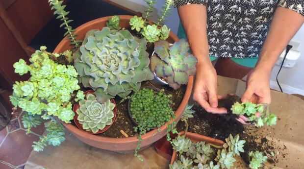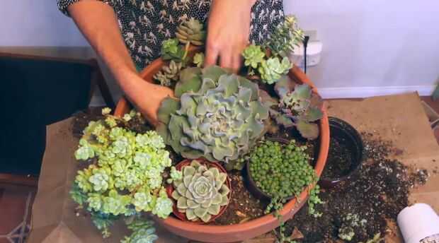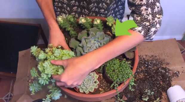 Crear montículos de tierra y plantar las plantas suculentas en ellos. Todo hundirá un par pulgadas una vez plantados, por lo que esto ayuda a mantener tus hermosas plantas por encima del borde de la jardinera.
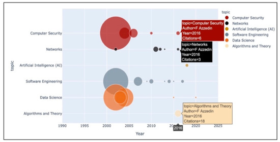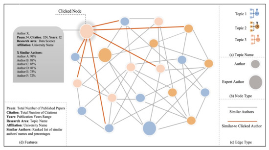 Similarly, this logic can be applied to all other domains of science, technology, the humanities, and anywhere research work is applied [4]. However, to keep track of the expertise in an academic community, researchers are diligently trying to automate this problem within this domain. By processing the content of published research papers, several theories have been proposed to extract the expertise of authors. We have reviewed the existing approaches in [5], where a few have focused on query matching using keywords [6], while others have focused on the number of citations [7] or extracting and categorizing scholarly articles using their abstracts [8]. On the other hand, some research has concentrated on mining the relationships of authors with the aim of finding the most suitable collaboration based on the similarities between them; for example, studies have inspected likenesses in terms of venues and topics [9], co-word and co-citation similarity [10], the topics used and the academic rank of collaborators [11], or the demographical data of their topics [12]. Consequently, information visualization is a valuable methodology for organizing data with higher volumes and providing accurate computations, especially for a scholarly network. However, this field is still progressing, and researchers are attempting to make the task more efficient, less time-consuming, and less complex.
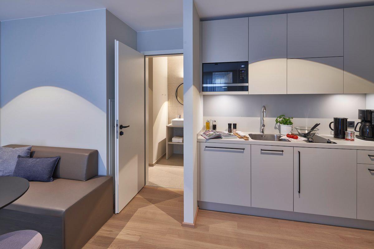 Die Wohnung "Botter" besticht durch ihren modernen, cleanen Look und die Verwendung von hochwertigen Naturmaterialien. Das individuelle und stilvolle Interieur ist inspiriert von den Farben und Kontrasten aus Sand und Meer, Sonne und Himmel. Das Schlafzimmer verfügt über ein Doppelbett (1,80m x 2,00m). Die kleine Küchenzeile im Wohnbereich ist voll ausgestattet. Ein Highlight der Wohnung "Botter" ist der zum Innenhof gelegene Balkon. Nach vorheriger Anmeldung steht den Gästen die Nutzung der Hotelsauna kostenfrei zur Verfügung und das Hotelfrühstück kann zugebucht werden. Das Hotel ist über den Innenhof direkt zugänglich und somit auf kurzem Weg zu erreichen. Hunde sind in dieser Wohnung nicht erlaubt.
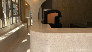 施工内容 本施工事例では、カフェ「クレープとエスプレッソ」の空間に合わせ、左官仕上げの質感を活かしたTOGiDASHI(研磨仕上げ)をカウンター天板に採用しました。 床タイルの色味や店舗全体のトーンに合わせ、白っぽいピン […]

--- EXERCISE BRIEF ---
Your task is to output the material word for word while leaving out every image.

--- ANSWER BELOW ---
 Crear montículos de tierra y plantar las plantas suculentas en ellos. Todo hundirá un par pulgadas una vez plantados, por lo que esto ayuda a mantener tus hermosas plantas por encima del borde de la jardinera.
 Similarly, this logic can be applied to all other domains of science, technology, the humanities, and anywhere research work is applied [4]. However, to keep track of the expertise in an academic community, researchers are diligently trying to automate this problem within this domain. By processing the content of published research papers, several theories have been proposed to extract the expertise of authors. We have reviewed the existing approaches in [5], where a few have focused on query matching using keywords [6], while others have focused on the number of citations [7] or extracting and categorizing scholarly articles using their abstracts [8]. On the other hand, some research has concentrated on mining the relationships of authors with the aim of finding the most suitable collaboration based on the similarities between them; for example, studies have inspected likenesses in terms of venues and topics [9], co-word and co-citation similarity [10], the topics used and the academic rank of collaborators [11], or the demographical data of their topics [12]. Consequently, information visualization is a valuable methodology for organizing data with higher volumes and providing accurate computations, especially for a scholarly network. However, this field is still progressing, and researchers are attempting to make the task more efficient, less time-consuming, and less complex.
 Die Wohnung "Botter" besticht durch ihren modernen, cleanen Look und die Verwendung von hochwertigen Naturmaterialien. Das individuelle und stilvolle Interieur ist inspiriert von den Farben und Kontrasten aus Sand und Meer, Sonne und Himmel. Das Schlafzimmer verfügt über ein Doppelbett (1,80m x 2,00m). Die kleine Küchenzeile im Wohnbereich ist voll ausgestattet. Ein Highlight der Wohnung "Botter" ist der zum Innenhof gelegene Balkon. Nach vorheriger Anmeldung steht den Gästen die Nutzung der Hotelsauna kostenfrei zur Verfügung und das Hotelfrühstück kann zugebucht werden. Das Hotel ist über den Innenhof direkt zugänglich und somit auf kurzem Weg zu erreichen. Hunde sind in dieser Wohnung nicht erlaubt.
 施工内容 本施工事例では、カフェ「クレープとエスプレッソ」の空間に合わせ、左官仕上げの質感を活かしたTOGiDASHI(研磨仕上げ)をカウンター天板に採用しました。 床タイルの色味や店舗全体のトーンに合わせ、白っぽいピン […]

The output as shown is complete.